Page MenuHomePhabricator

GlobalRename has become very slow (March 13, 2021)
Closed, DeclinedPublic

Description

Normally, renaming an user takes between few seconds to a couple of minutes. For some reason today global renames are being extremelly slow. Is there any DB or JobQueue issues?

Event Timeline

Restricted Application added a subscriber: Aklapper. · View Herald Transcript

I don't know if it matters but two days ago, from 9:30 (UTC), the queue has been totally stopped for more than an hour

Generally we have a latency issue:

image.png (345×1 px, 74 KB)

https://grafana.wikimedia.org/d/RIA1lzDZk/application-servers-red-dashboard?orgId=1

It's slowly recovering but I don't know what's the root cause is.

Pppery renamed this task from GlobalRename has become very slow (March 13, 2020) to GlobalRename has become very slow (March 13, 2021).Mar 13 2021, 7:33 PM

Just to mention that global rename seems to be usable again since a couple of days ago. I'm not sure if this is related to the task @Daimona (auto)linked above but this incident looks resolved. @Ladsgroup, feel free to close if you agree.

Just to mention that global rename seems to be usable again since a couple of days ago. I'm not sure if this is related to the task @Daimona (auto)linked above but this incident looks resolved. @Ladsgroup, feel free to close if you agree.

To be honest, yesterday around 16:15 (UTC) they were still very slow :( btw if there is nothing else to do here, you can close!

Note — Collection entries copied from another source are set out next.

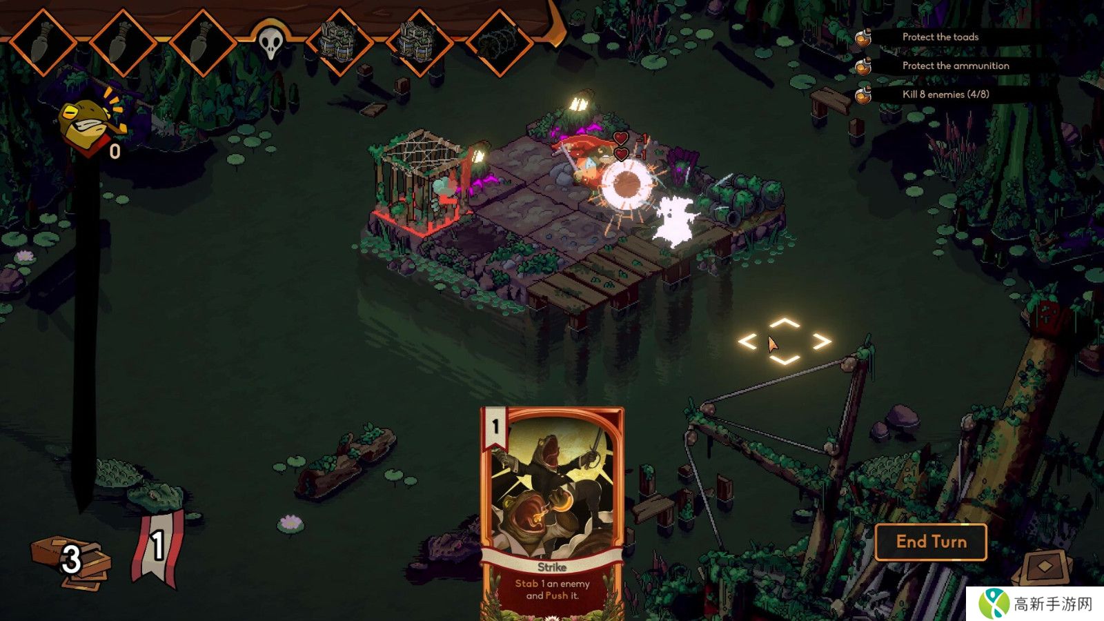 在回合制战术和Roguelike牌组构筑相结合的挑战中,带领一群蟾蜍与萨梅迪男爵的邪恶势力作斗争。协同卡牌效果,建立定居点并参与战略战斗,在被诅咒的长沼兴旺发展。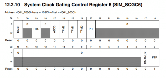 As figuras abaixo ilustram os itens pertencentes ao registrador System Clock Gating Control Register 6 (SIM_SCGC6).
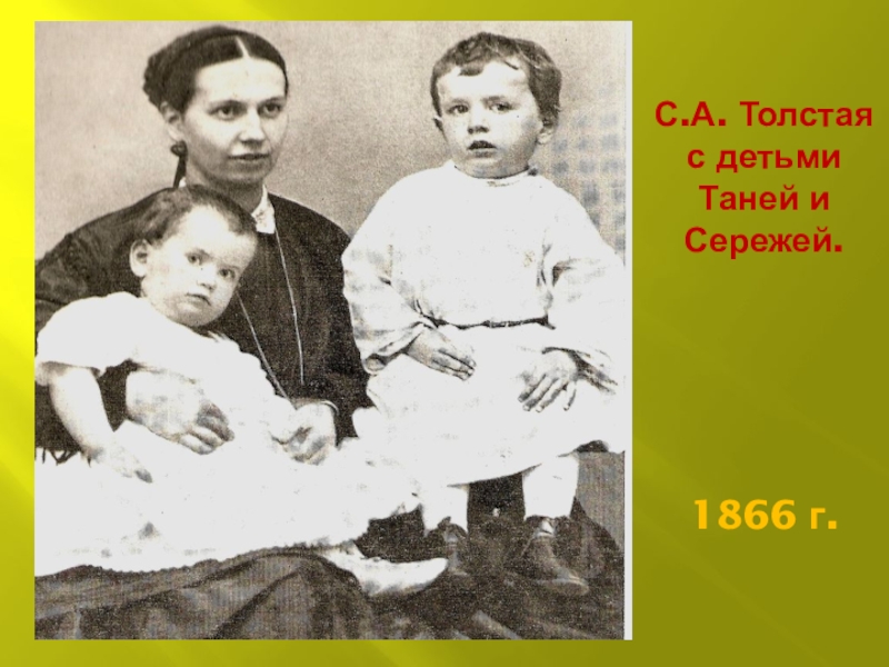 Слайд 7С.А. Толстая с детьми Таней и Сережей. 1866 г.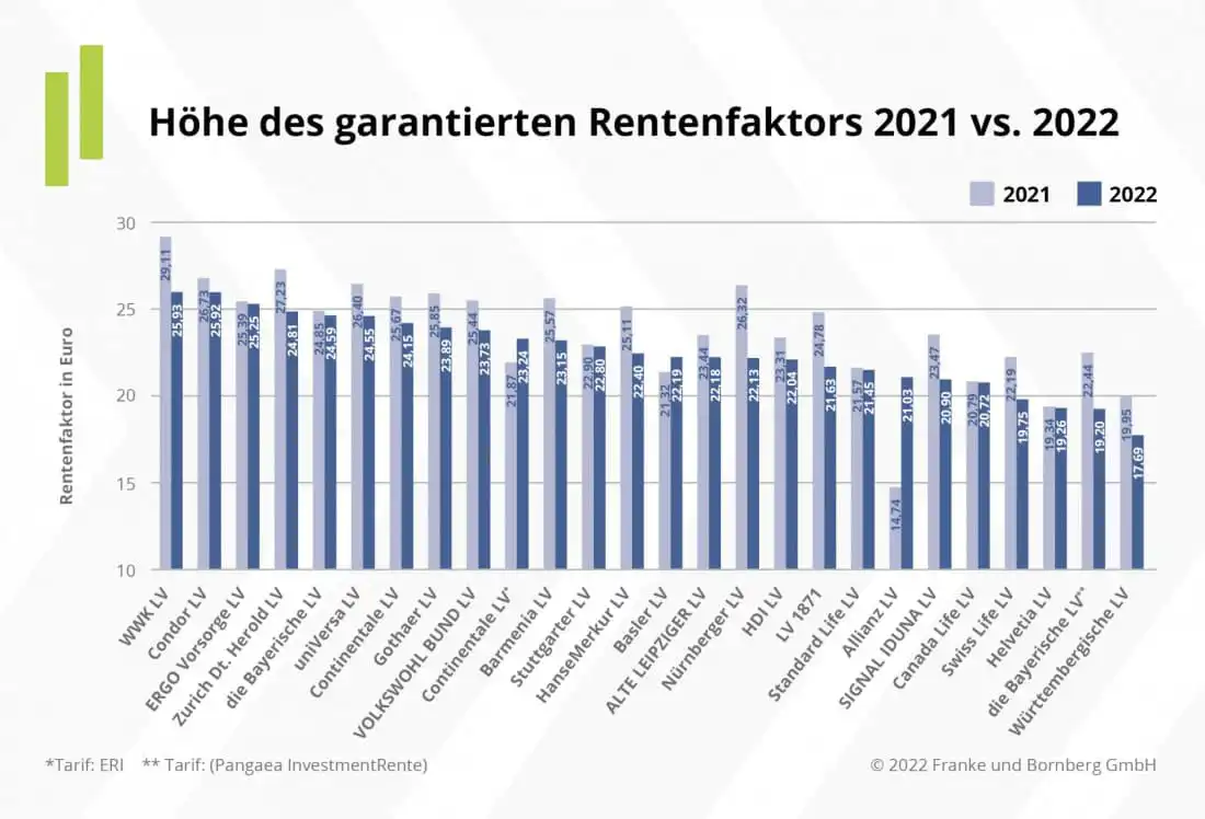 Marktüberblick über die Höhe der garantierten Rentenfaktoren im Vergleich 2021 zu 2022: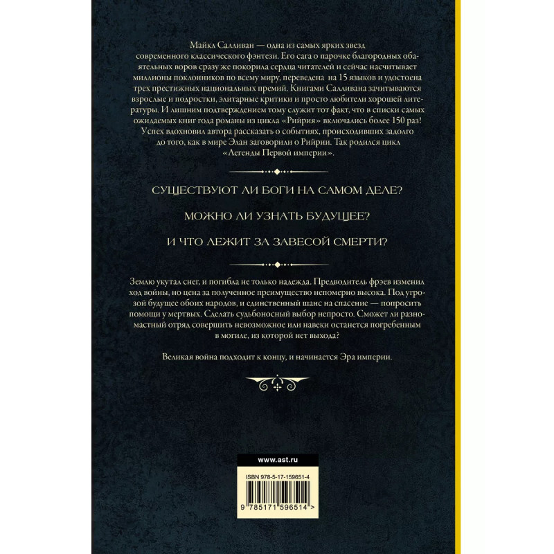 Эра смерти. Эра империи. Продолжение серии "Легенды Первой империи" от автора культового цикла "Рийрия" Майкла Салливана. Несколько тысяч лет назад, когда мир был молод, люди почитали фрэев как живых богов. Но всё изменилось после того, как человеческий род, притесняемый этими жестокими владыками мира, объявил им войну. И теперь, когда сотни кровопролитных сражений остались позади, оба народа оказались на грани гибели. И каждый из них от победы отделяет лишь один шаг

so let me try to explain why this happens. Every rename triggers lots of jobs tot be queued (and be eventually ran). The priority of these jobs is set to "low" as they are low priority comparing to for example cleanups after deletions (to avoid lingering private data around) and even if it takes an hour or so to finish, it shouldn't be a big deal. We can increase its priority or its concurrency but tbh we shouldn't. The reason you see this problem now and not a month ago is that we upgraded our jobrunners to new debian (buster) and it's slower as it has better security meaning we slowly are reaching our capacity (and adding capacity is not super easy). This will be hopefully get better but until then the global rename will be like the canary in a coal mine.

If it's really a big problem, let us know and we can bump its priority.